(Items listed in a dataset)
____

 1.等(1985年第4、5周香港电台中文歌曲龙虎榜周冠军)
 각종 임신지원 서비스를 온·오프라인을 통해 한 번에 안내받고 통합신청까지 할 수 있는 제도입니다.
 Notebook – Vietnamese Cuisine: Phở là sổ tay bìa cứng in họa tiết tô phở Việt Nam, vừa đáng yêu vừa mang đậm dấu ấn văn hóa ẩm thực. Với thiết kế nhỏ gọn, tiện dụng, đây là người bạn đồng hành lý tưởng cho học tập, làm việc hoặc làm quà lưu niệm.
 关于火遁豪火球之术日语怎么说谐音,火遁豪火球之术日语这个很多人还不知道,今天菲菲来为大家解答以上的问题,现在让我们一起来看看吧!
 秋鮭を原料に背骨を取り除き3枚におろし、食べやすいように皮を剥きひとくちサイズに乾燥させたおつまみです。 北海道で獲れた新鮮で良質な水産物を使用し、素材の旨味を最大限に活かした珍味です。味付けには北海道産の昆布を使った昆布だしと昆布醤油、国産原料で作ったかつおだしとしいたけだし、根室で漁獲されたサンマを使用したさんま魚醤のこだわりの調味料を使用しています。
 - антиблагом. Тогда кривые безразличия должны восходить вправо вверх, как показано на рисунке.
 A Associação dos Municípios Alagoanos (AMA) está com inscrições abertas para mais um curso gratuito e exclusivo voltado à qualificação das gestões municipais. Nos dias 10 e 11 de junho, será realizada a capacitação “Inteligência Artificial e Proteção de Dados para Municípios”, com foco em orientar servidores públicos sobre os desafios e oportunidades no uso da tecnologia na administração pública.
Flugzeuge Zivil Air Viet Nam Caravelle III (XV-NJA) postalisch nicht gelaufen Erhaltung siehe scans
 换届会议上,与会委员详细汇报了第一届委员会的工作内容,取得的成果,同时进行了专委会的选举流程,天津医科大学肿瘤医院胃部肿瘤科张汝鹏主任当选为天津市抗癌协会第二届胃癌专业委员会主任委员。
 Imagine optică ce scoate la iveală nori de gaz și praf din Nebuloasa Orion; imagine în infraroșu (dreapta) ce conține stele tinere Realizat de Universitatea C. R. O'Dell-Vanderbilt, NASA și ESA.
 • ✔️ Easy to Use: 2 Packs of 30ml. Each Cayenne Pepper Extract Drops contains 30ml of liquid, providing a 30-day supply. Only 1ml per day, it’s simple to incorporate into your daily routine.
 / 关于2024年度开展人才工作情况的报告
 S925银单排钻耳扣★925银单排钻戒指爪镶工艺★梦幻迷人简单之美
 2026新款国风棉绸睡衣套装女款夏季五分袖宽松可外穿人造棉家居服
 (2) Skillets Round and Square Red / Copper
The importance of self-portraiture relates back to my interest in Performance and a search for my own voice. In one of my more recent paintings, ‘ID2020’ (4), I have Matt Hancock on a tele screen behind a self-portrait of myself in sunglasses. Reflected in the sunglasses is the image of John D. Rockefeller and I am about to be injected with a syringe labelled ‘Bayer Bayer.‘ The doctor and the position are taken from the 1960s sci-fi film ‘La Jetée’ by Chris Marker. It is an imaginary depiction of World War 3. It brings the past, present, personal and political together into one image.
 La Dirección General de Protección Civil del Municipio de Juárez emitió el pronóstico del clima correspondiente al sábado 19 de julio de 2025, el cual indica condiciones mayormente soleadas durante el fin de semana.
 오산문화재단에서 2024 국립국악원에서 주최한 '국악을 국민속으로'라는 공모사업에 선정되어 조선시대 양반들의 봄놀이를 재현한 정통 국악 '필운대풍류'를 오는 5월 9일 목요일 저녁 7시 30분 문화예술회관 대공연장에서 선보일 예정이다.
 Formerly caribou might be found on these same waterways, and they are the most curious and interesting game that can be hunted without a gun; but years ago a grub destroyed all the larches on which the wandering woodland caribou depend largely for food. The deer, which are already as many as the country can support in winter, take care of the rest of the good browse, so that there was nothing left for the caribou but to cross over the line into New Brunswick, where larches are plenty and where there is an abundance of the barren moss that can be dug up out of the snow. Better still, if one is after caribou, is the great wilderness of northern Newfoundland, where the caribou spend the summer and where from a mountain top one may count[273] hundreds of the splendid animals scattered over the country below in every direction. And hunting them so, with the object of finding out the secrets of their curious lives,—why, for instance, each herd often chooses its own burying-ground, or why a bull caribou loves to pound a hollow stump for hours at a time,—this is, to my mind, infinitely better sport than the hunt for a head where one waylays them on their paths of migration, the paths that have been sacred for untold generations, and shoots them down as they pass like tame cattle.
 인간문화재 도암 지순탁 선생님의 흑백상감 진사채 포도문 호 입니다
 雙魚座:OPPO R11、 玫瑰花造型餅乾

____

Brief: Output only an exact transcription of the lines above from the one with "A Associação dos" up to and including the one with "(2) Skillets Round and Square Red / Copper".

Expected answer:
 A Associação dos Municípios Alagoanos (AMA) está com inscrições abertas para mais um curso gratuito e exclusivo voltado à qualificação das gestões municipais. Nos dias 10 e 11 de junho, será realizada a capacitação “Inteligência Artificial e Proteção de Dados para Municípios”, com foco em orientar servidores públicos sobre os desafios e oportunidades no uso da tecnologia na administração pública.
Flugzeuge Zivil Air Viet Nam Caravelle III (XV-NJA) postalisch nicht gelaufen Erhaltung siehe scans
 换届会议上,与会委员详细汇报了第一届委员会的工作内容,取得的成果,同时进行了专委会的选举流程,天津医科大学肿瘤医院胃部肿瘤科张汝鹏主任当选为天津市抗癌协会第二届胃癌专业委员会主任委员。
 Imagine optică ce scoate la iveală nori de gaz și praf din Nebuloasa Orion; imagine în infraroșu (dreapta) ce conține stele tinere Realizat de Universitatea C. R. O'Dell-Vanderbilt, NASA și ESA.
 • ✔️ Easy to Use: 2 Packs of 30ml. Each Cayenne Pepper Extract Drops contains 30ml of liquid, providing a 30-day supply. Only 1ml per day, it’s simple to incorporate into your daily routine.
 / 关于2024年度开展人才工作情况的报告
 S925银单排钻耳扣★925银单排钻戒指爪镶工艺★梦幻迷人简单之美
 2026新款国风棉绸睡衣套装女款夏季五分袖宽松可外穿人造棉家居服
 (2) Skillets Round and Square Red / Copper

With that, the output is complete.